Porque lo que pasa cuando tienes esto claro es que cuando dices basta, tras esa puerta, tras esa valla, lo que hay es tiempo. Tiempo libre. Menos obligaciones. Menos compromisos. Más libertad.

Y ahí va toda mi ambición. Al tiempo. El éxito son muchas cosas, es felicidad, es tranquilidad, es prosperidad pero también es tiempo. El éxito es el tiempo.

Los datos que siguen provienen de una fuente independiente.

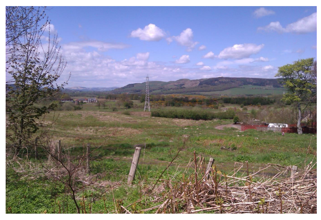
Views over Lot 1 from southeast
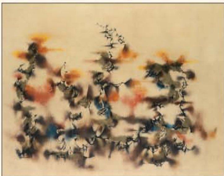
Norman Lewis, Birds in Flight , oil and metallic paint on canvas, 1953. Estimate $150,000 to $250,000.
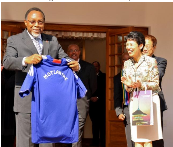
Princes Takamado presenting Deputy President, Kgalema Motlanthe, with the official Japanese soccer uniform with his name (2010 June 25)
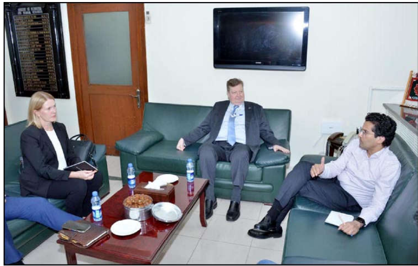
Federal Minister for Petroleum, Ali Pervaiz Malik held a meeting with the Finnish delegation in Islamabad.

The session concluded with an interactive question-and-answer segment, during which the Acting President reiterated the importance of transparent and effective governance.

El éxito es la ausencia de prisas. El éxito es no conocer el estrés y no tener que andar con malabares retóricos convenciéndote de que el estrés es bueno porque te hace mejorar y bla bla bla bla. Que se quede otro la mejora, y también el estrés.

Es más rico quien tiene tiempo para contemplar el cielo por una ventana que el que no tiene tiempo para disfrutar de su terraza de 100m2. Es más rico el que tiene tiempo para ir tranquilo a una playa o a un monte que el que no tiene tiempo para disfrutar de su piscina privada o su jardín particular.

Se pueden tener ambas cosas, por supuesto, los hay aunque pocos que las tienen, pero si hay que elegir entre una cosa y otra, me quedo mil veces antes con el tiempo.

FUERZA Y PAZ.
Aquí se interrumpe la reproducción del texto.